» BRIEF
Only one span of the material below is wanted. Output it exactly, from the line with "Le Pastine Chioccioline" through the line with "[교육혁신처] 대학혁신지원사업_2025-2학기 제19회", without any pictures.

» INPUT DATA
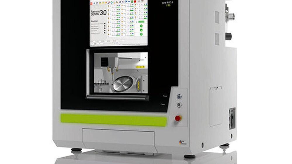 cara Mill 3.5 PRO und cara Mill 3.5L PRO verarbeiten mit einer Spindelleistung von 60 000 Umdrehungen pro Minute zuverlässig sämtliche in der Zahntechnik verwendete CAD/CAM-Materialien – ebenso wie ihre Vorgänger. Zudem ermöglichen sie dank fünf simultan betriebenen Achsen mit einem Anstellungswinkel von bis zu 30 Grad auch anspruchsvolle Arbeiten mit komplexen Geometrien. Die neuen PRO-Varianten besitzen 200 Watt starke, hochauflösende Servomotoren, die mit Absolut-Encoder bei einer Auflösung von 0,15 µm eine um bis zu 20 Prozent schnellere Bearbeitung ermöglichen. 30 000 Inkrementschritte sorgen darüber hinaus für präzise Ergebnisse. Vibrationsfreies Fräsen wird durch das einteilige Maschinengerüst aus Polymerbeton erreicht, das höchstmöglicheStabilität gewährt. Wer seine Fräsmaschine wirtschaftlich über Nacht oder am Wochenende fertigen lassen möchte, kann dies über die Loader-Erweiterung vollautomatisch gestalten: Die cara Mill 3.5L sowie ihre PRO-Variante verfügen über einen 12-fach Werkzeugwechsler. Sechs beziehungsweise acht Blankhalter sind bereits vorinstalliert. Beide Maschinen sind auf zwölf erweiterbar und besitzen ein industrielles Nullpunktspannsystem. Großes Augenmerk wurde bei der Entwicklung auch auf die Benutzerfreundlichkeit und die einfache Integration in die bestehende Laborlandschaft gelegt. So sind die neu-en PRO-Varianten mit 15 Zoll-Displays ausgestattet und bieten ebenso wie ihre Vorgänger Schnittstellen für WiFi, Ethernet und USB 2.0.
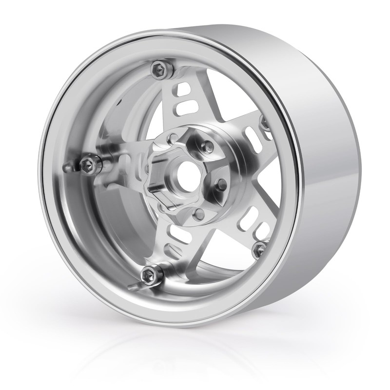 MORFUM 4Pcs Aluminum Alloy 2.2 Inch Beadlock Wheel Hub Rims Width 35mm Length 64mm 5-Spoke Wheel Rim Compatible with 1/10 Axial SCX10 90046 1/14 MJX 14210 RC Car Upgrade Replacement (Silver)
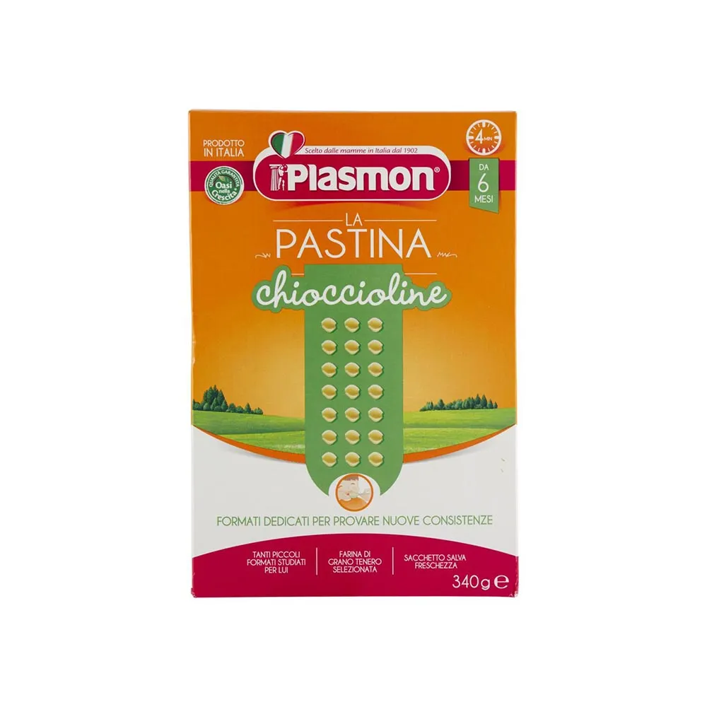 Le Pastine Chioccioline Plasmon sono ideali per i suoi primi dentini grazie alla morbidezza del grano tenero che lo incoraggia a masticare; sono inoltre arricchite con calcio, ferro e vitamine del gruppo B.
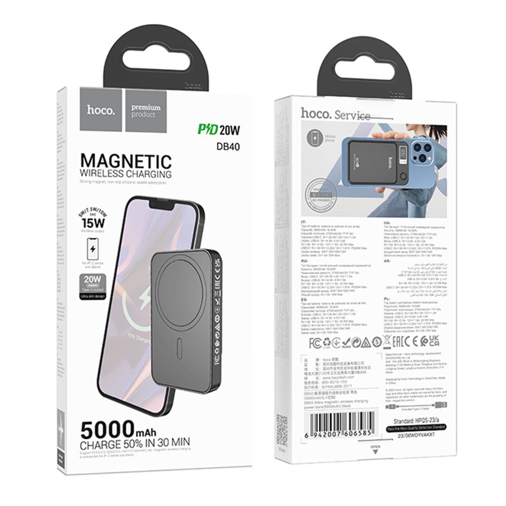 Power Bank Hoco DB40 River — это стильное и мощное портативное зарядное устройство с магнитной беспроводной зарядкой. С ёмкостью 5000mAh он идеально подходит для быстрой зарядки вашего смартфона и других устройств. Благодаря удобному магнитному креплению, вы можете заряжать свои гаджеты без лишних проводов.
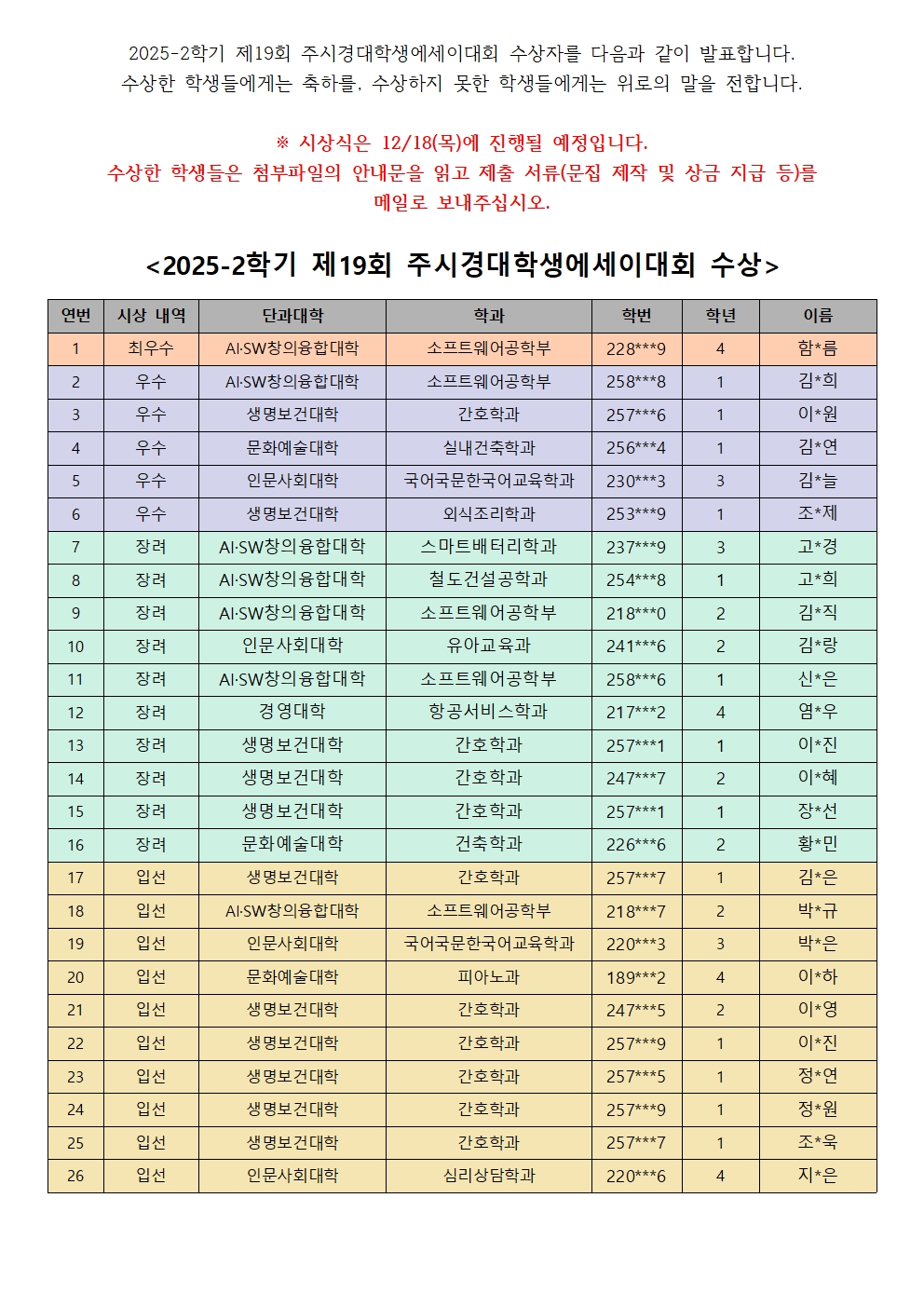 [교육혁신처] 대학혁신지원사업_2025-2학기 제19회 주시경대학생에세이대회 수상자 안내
---
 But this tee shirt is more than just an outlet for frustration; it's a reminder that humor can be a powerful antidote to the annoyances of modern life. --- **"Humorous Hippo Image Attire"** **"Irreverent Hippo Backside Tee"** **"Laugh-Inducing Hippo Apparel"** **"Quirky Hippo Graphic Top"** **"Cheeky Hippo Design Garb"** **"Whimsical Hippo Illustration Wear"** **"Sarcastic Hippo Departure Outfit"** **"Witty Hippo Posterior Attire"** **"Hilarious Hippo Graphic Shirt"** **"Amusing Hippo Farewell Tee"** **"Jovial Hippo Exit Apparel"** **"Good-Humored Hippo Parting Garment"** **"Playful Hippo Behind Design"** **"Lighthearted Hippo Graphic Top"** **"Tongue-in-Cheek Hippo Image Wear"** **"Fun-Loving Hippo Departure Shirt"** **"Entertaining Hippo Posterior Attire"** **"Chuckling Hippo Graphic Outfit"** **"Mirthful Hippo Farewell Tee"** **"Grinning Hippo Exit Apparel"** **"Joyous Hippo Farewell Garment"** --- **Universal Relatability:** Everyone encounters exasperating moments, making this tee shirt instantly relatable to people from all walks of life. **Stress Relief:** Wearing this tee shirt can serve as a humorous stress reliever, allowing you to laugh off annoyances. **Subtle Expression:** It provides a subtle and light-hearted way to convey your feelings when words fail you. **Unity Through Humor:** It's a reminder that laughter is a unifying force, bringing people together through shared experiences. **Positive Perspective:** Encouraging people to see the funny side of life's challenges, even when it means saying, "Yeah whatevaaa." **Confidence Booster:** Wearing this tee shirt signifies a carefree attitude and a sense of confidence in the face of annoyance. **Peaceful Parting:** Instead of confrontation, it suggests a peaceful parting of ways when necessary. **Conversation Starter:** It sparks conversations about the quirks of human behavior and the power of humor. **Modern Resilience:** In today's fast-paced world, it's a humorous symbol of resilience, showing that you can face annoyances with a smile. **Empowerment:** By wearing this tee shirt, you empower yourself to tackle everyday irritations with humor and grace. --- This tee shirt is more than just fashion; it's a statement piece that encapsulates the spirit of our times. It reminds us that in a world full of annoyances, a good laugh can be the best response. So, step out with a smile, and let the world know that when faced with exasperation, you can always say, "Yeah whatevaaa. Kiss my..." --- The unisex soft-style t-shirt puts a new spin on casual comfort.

» EXERCISE RESULT
 Le Pastine Chioccioline Plasmon sono ideali per i suoi primi dentini grazie alla morbidezza del grano tenero che lo incoraggia a masticare; sono inoltre arricchite con calcio, ferro e vitamine del gruppo B.
 Power Bank Hoco DB40 River — это стильное и мощное портативное зарядное устройство с магнитной беспроводной зарядкой. С ёмкостью 5000mAh он идеально подходит для быстрой зарядки вашего смартфона и других устройств. Благодаря удобному магнитному креплению, вы можете заряжать свои гаджеты без лишних проводов.
 [교육혁신처] 대학혁신지원사업_2025-2학기 제19회 주시경대학생에세이대회 수상자 안내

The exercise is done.